Sean Cody
- Company type: Subsidiary
- Industry: Gay pornography
- Founded: September 7, 2001; 24 years ago
- Headquarters: San Diego, California, U.S.
- Owner: MG Premium Ltd.
- Parent: Aylo
- Website: www.seancody.com

= Sean Cody =

American gay pornography studio

Sean Cody (company name: MG Premium Ltd.) is a gay pornography label founded in September 2001. The website predominantly features young, muscular men in solo and hardcore bareback scenes. Sean Cody has a strict model selection, with contracts requiring no prior pornographic experience ("exclusive" men).

==History==
Sean Cody studio was established in 2001 by Sean Cody, a software engineer turned photographer. According to his self-introduction on the original website, he had a religious upbringing up until he turned 18 and left for college. He admitted that he always had a fascination for male beauty, and so after a stint in a large software company after graduation, he launched seancody.com at the age of 30. The studio featured a slate of clean-cut, straight-looking young male models, a reflection of his ideal masculinity and someone he lost his "virginity" to.
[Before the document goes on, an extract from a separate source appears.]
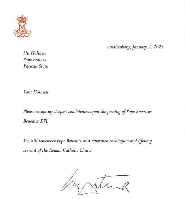 2. januar 2023 | Nyhed H.M. Dronningen sender kondolenceskrivelse til Hans Hellighed Pave Frans i anledning af Pave Emeritus Benedict XVI’s død Del
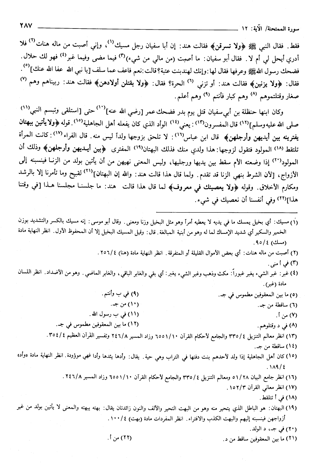{بَيْنَ أَيْدِيهِنَّ وَأَرْجُلِهِنَّ} [الممتحنة: 12] وذلك أن المولود إذا وضعته الأم، سقط بين يديها ورجليها، وليس المعنى نهيهن من أن يأتين بولد من الزنا، فينسبنه على الأزواج، لأن الشرط بنهي الزنا قد تقدم، ولما قال هذا، قالت هند: والله إن البهتان لقبيح، وما تأمرنا إلا بالرشد ومكارم الأخلاق.

He owned and ran the company Cody Media Inc until 2015, when he sold it to porn conglomerate MindGeek (who owns other competitor studios such as Men.com). This raised some questions around the quality and exclusivity of the content, as the same parent company owned the content-sharing websites that have negatively affected many other studios. A 2014 article by Internet magazine Slate explained how "MindGeek has become the porn monopoly, putting industry members in the paradoxical position of working for the very company that profits from the piracy of their work."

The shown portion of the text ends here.